ABOUT THIS EXERCISE: Beginning with the line that contains "Online Shop Batik", reproduce every line through the end of the records below exactly, and leave the pictures out.

DATA RECORDS:
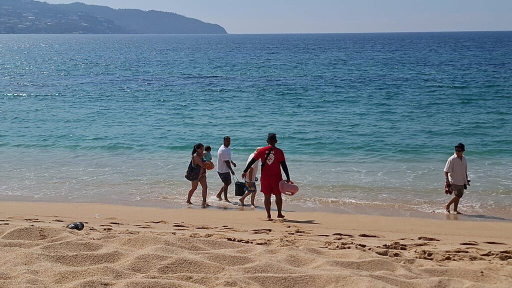Acapulco, Guerrero, 24 de enero de 2026.- Ante el oleaje moderado registrado en el puerto, la Policía Turística refuerza operativos de vigilancia en playas y accesos, con patrullajes permanentes y presencia estratégica en zonas de mayor afluencia, con el objetivo de proteger a turistas y residentes.
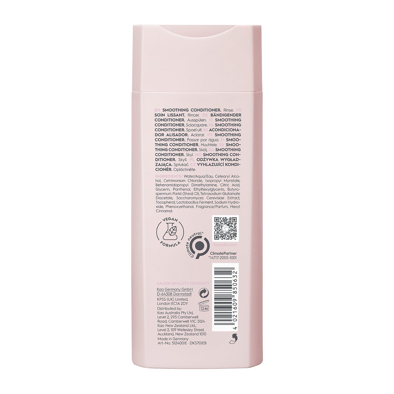 Luxurious smoothing conditioner tames frizz, provides intense hydration, detangles, offers heat protection, and gives long-lasting shine. Ideal for all hair types, especially those prone to frizz. Helps achieve a polished and sophisticated look.
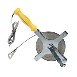 700-58813 Features: -Safety yellow handle with grounding wire. -Large hub flange protects tape tail for ''Pop Out''. -New stronger core/handle interface has more threads per inch. -Longer crank arm speeds retraction. Product Type: -Tapes. Generic...
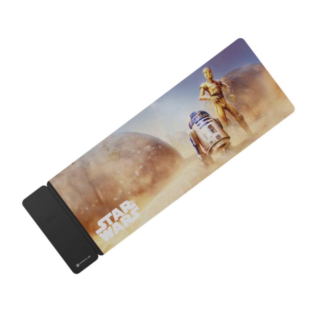 El Mousepad con Base de Carga Inalámbrica Primus Arena Pro Star Wars Limited Edition, R2-D2/C-3PO (modelo PMP-S17DR-XL) es una alfombrilla para gaming de tamaño XL diseñada para ofrecer precisión y velocidad, e incluye una estación de carga inalámbrica magnética de 15W.
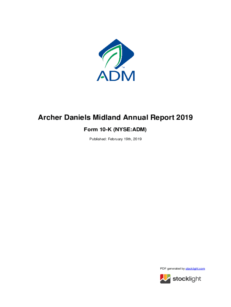 Archer Daniels Midland Annual Report 2019 Form 10K (NYSE:ADM) Published: February 19th, 2019PDF generated by stock light. Counted STATES SECURITIES AND EXCHANGE COMMISSION WASHINGTON, D. C. 20549FORM
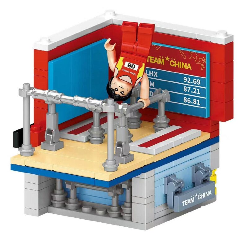 Tâm điểm của mô hình chính là đồ chơi mô hình Vận động viên thể dục dụng cụ đang thực hiện một động tác lộn người trên không đầy kỹ thuật. Từ biểu cảm tập trung trên khuôn mặt, cơ bắp được tạo hình rõ nét, cho đến bộ trang phục thi đấu màu đỏ rực rỡ với dòng chữ ‘TEAM CHINA’ và số 08, tất cả đều được chăm chút để tạo nên một hình ảnh chân thực nhất. Dàn xà kép được thiết kế chắc chắn với màu xám kim loại, đặt trên một bục thi đấu màu gỗ sáng, bên dưới là hệ thống khung đỡ phức tạp, mô phỏng chính xác kết cấu của thiết bị thi đấu thật. Đặc biệt, phía sau là tấm bảng điểm điện tử màu xanh lam, hiển thị các con số điểm số, càng làm tăng thêm kịch tính và không khí của một cuộc tranh tài thực sự. Với kích thước hoàn thiện là 11.2 cm (dài) x 7.9 cm (rộng) x 8.5 cm (cao), mô hình này đủ nhỏ gọn để trưng bày trên bàn học hay kệ sách, nhưng cũng đủ lớn để mọi chi tiết được thể hiện một cách rõ ràng, sắc nét.
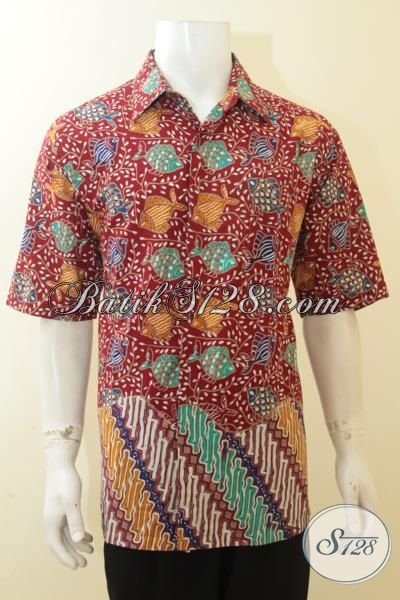 Online Shop Batik Solo Paling Lengkap, Sedia Pakaian Batik Masa Kini Motif Ikean Warna Dasar Merah, Baju Batik Jumbo Exclusive Pria Gemuk [LD3946CT-XXL]
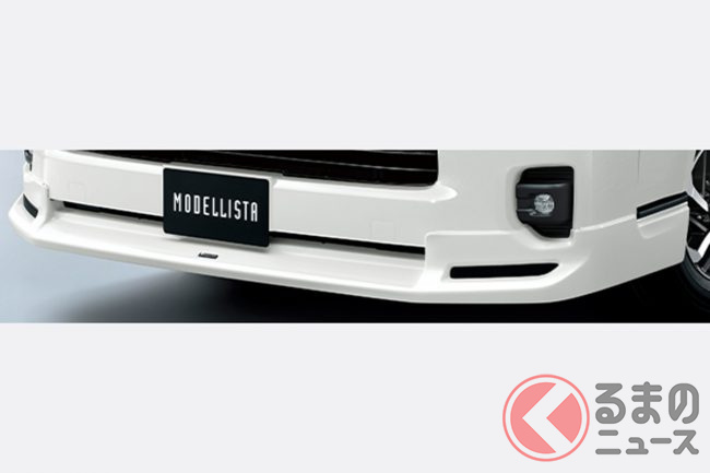 たった「5万円以下」で買える! トヨタ「“新”ハイエース エアロ仕様」に注目! “スポーティなダクト”&“上品出っ歯”でロー&ワイドな雰囲気に! モデリスタの「フロントスポイラー」の魅力とは!
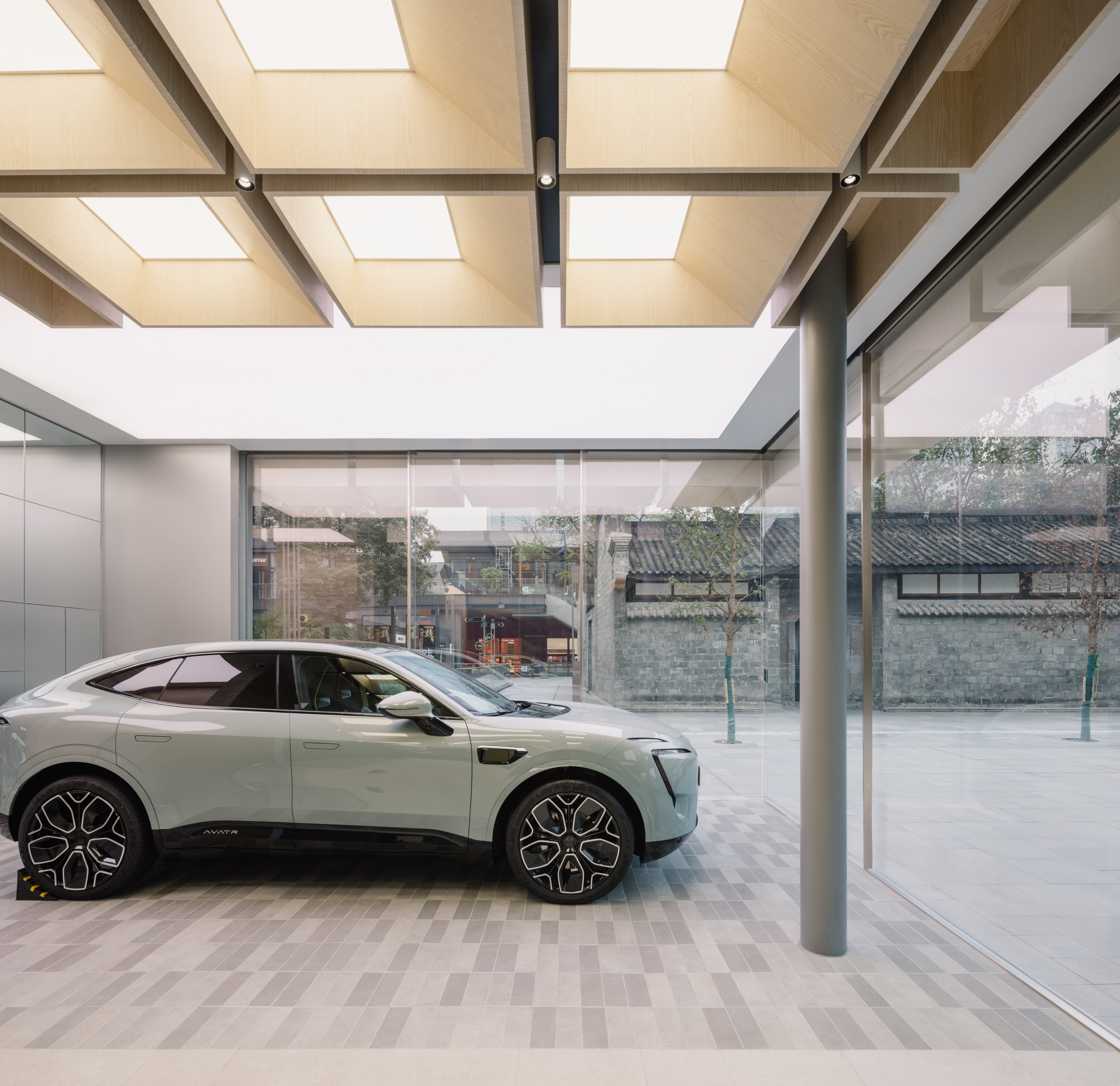 But it isn’t just about the look. The boulevards, also set hidden guidelines from which designer can methodically derive the entire spatial program for varying site conditions. Cars are parked here for display and as one of the first contact points. A mini plaza shaped by the street draws people in to dive into details and join Avatr community events.
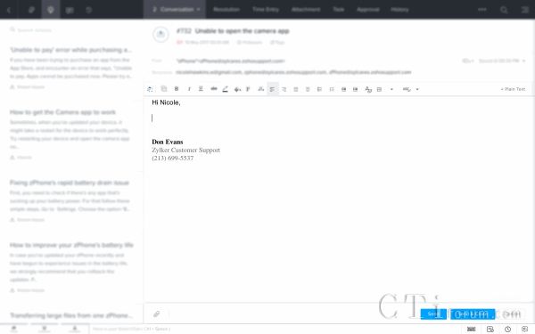 現(xiàn)在有了工單快速回復功能后,不離開當前工單列表即可查看某個工單請求及相關信息、可用的解決方案等,并直接回復。這加速了客服處理工單的速度。

ANSWER FOR THIS EXERCISE:
 Online Shop Batik Solo Paling Lengkap, Sedia Pakaian Batik Masa Kini Motif Ikean Warna Dasar Merah, Baju Batik Jumbo Exclusive Pria Gemuk [LD3946CT-XXL]
 たった「5万円以下」で買える! トヨタ「“新”ハイエース エアロ仕様」に注目! “スポーティなダクト”&“上品出っ歯”でロー&ワイドな雰囲気に! モデリスタの「フロントスポイラー」の魅力とは!
 But it isn’t just about the look. The boulevards, also set hidden guidelines from which designer can methodically derive the entire spatial program for varying site conditions. Cars are parked here for display and as one of the first contact points. A mini plaza shaped by the street draws people in to dive into details and join Avatr community events.
 現(xiàn)在有了工單快速回復功能后,不離開當前工單列表即可查看某個工單請求及相關信息、可用的解決方案等,并直接回復。這加速了客服處理工單的速度。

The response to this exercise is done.